Ditesh Kumar ditesh at gathani.org
Tue Dec 18 12:31:01 MYT 2007


(for full linkage, please visit:
http://ditesh.gathani.org/blog/2007/12/13/fossin-conference-day-2/ )


--- Union Mount: VFS based Filesystem Namespace Unification for Linux

Bharata B. Rao from IBM spoke on union mount, a filesystem namespace
unification (ie, the concept of merging the contents of two or more
directories/filesystems to present a unified view). Some uses of Union
mount include:

      * live CD systems (writable RAM based FS combined with a read only
        FS on CD, thus allowing a writable disk-less system)
      * server consolidation, many servers sharing a common RO
        installation
      * disk-less NFS-root clients (set of machines sharing a single RO
        NFS root filesystem)
      * sandboxing - simulation of software updates, testing of OS
        updates

The Union file system also offers unification at filesystem layer, so
EXT3 and ReiserFs can be abstracted through a Union file system. File
systems offer a namespace (hierarchical view of the filesystem contents)
and mounting (adding the filesystem in the device to the namespace
tree).

Some examples of transparent mounts include the following:

mount /dev/sda1 /mnt
mount -union /dev/sda2 /mnt

So, /mnt becomes the union mount point of sda1 and sda2, sda2 becomes
the topmost writable layer and sda1 is the RO bottom layer of the union.

For directory listings (readdir), directory contents from different
mount points are merged with only top layer file being shown. Same named
directories are merged again. For file/directory lookups, the lookup
starts with topmost directory and proceeds downwards. It stops and
returns when the required file is found. Otherwise, it descends into all
lower layers in case of directories to create subdirectory level unions.

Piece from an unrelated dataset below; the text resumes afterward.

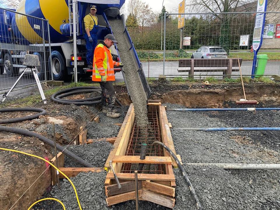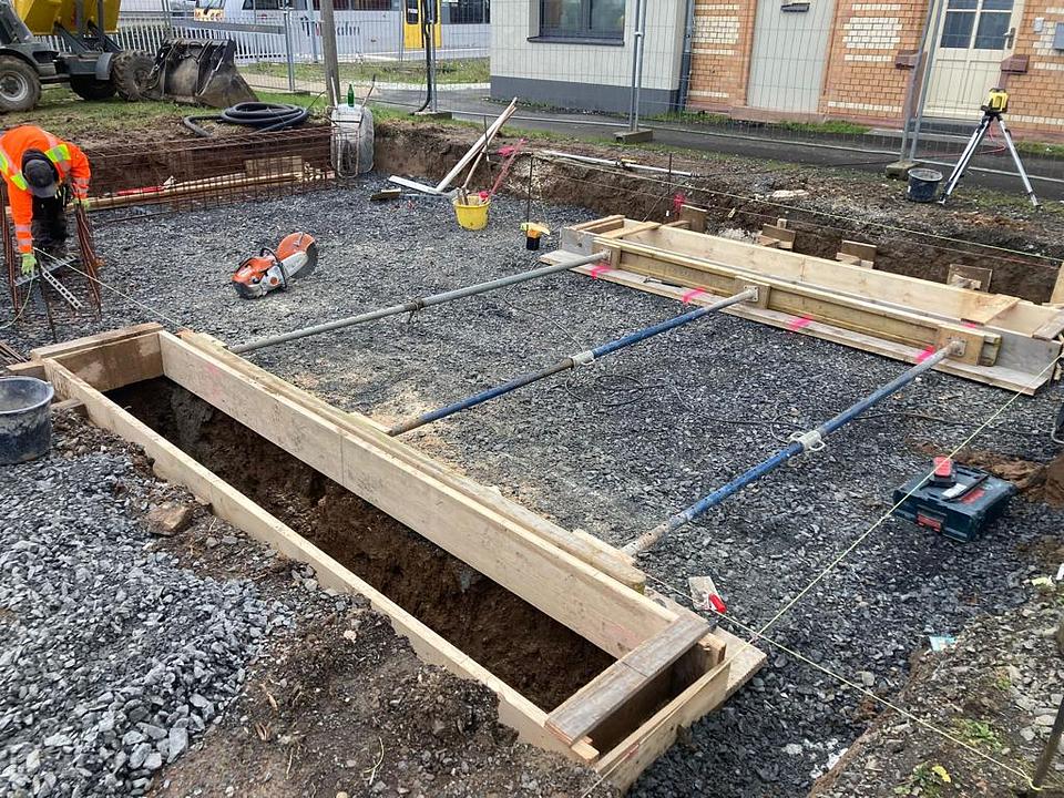 Vor einigen Tagen konnte dann mit den eigentlichen Arbeiten an der Abstellanlage begonnen werden. Hierfür wurden zunächst die massiven Fundamente für die Dachkonstruktion hergestellt. Anschließend konnten die Randsteine für den gepflasterten Bereich gesetzt werden. Bereits jetzt wird deutlich, dass die Abstellanlage wesentlich größer ist als die Anlagen am Rathaus oder Wölfersheimer See. Neben 16 normalen Radabstellplätzen werden auch 6 Radboxen entstehen. Dabei handelt es sich um eine Art „Mini-Garage“ in der Räder komplett eingeschlossen werden können. Insbesondere für teurere E-Bikes bietet sich damit eine gute Abstellmöglichkeit. Die Nutzung ist vergleichbar mit einer Schwimmbadumkleide einfach über ein Münz-Pfand-System möglich. Die Radboxen verfügen auch über entsprechende Möglichkeiten ein E-Bike zu laden.

For RO lower layers, all but the topmost layer are RO immutable layers.
A write to a lower layer file results in the file getting copied to
topmost layer and write being performed on the copy. Whiteouts are place
holders for files that don’t exist logically and a deletion of a lower
level only file/directory creates a whiteout for it in the topmost
directory. Whiteout lookup return an -ENOENT.

For file renames, for files/directories present only in the topmost
layer, traditional rename is used. The rename of a directory which is a
part of a union or which is present only in the lower layer is deferred
to userspace by returning -EXDEV. The renaming of a regular file present
only in the lower layer is done by copying it up to the topmost layer.

There was a vigorous Q&A session, which I could not copy quickly enough.
Needless to say, there was much interest from audience members.

Personal thoughts: A fairly lucid technical talk.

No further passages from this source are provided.